## [Problem description]
Return, exactly as written, the lines of the material from its top through the line with "positioning my photo, I", keeping pictures out.
─── Study material ───
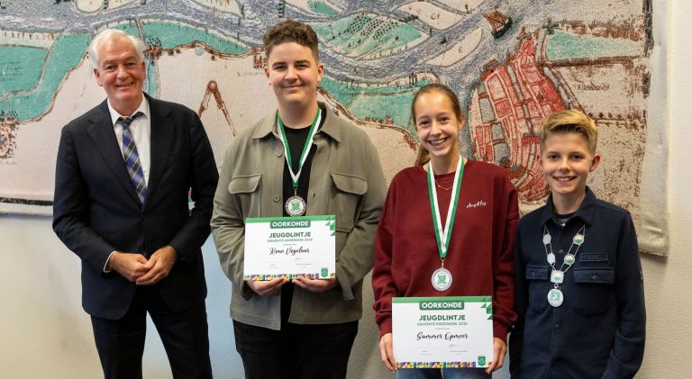 De veertienjarige Summer Opmeer en de zestienjarige Koen Vogelaar kregen woensdag 12 november het Ridderkerkse jeugdlintje.
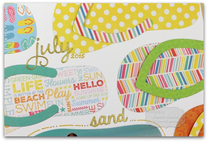 positioning my photo, I die cut lots of flip flops out of lots of patterned paper, mixed them up, and adhered them around
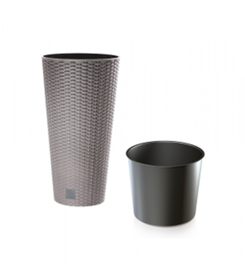 Charakteristika: Vysoký okrúhly kvetináč Rato Ratan moderného dizajnu, svojimi rozmermi je vhodný na vyplnenie zeleňou na terasách, vstupoch do domu a chodbách interiéru. Set obsahuje aj vnútornú vložku na vysadenie. Je vyrobený z mimoriadne odolného plastu. Vzor verne imituje prírodný ratanový výplet. Pôsobí veľmi exkluzívne.
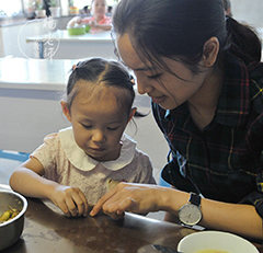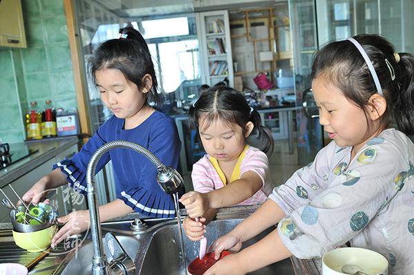 二十分鐘左右,孩子們陸續用完餐,離座前,老師引導孩子們將餐桌上的殘渣放入碗中再離座。下位后,孩子們向仍在用餐的老師、同學鞠躬道:“我吃飽了,大家請慢用。”接著緩緩地走到廚房洗碗。老師時常叮囑孩子們:“珍惜水資源,做節水寶寶”,因此孩子們開水龍頭時會有意識地調節水流,不敢浪費。在老師的帶領下,孩子們每天都會溫習洗碗的步驟,直到生活好習慣內化為他們生命中不可或缺的一部分。
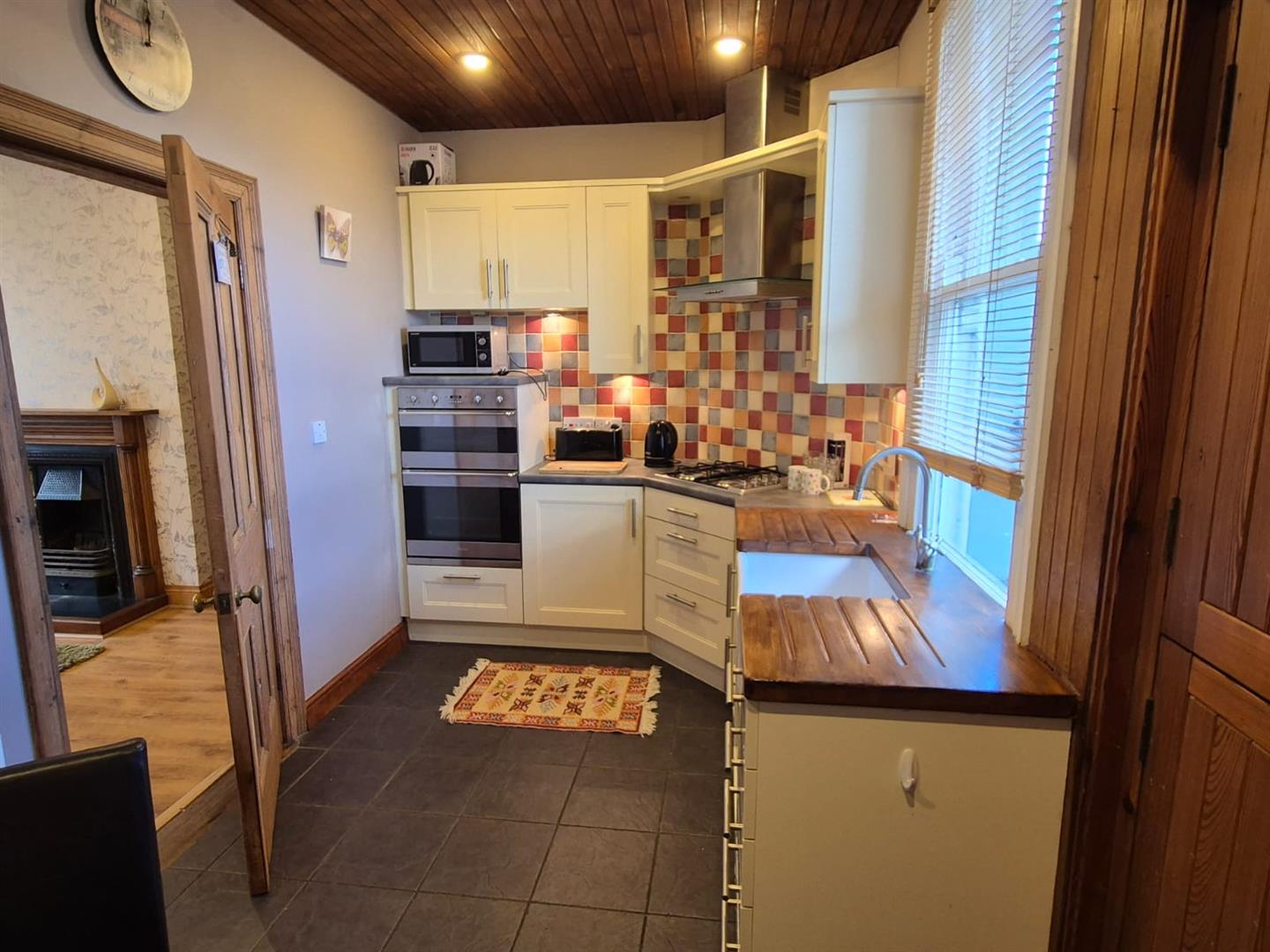 Good range of modern wood laminate high and low level cupboards and drawers incorporating glazed Belfast sink with mixer tap; integrated Smeg electric double oven and grill; Smeg four ring gas hob; extractor hood over; integrated fridge; formica worktop and wooden worktop; tiled splashback; tiled floor; tongue and groove ceiling; pine stable door to rear;
───
## [Result below]
 De veertienjarige Summer Opmeer en de zestienjarige Koen Vogelaar kregen woensdag 12 november het Ridderkerkse jeugdlintje.
 positioning my photo, I die cut lots of flip flops out of lots of patterned paper, mixed them up, and adhered them around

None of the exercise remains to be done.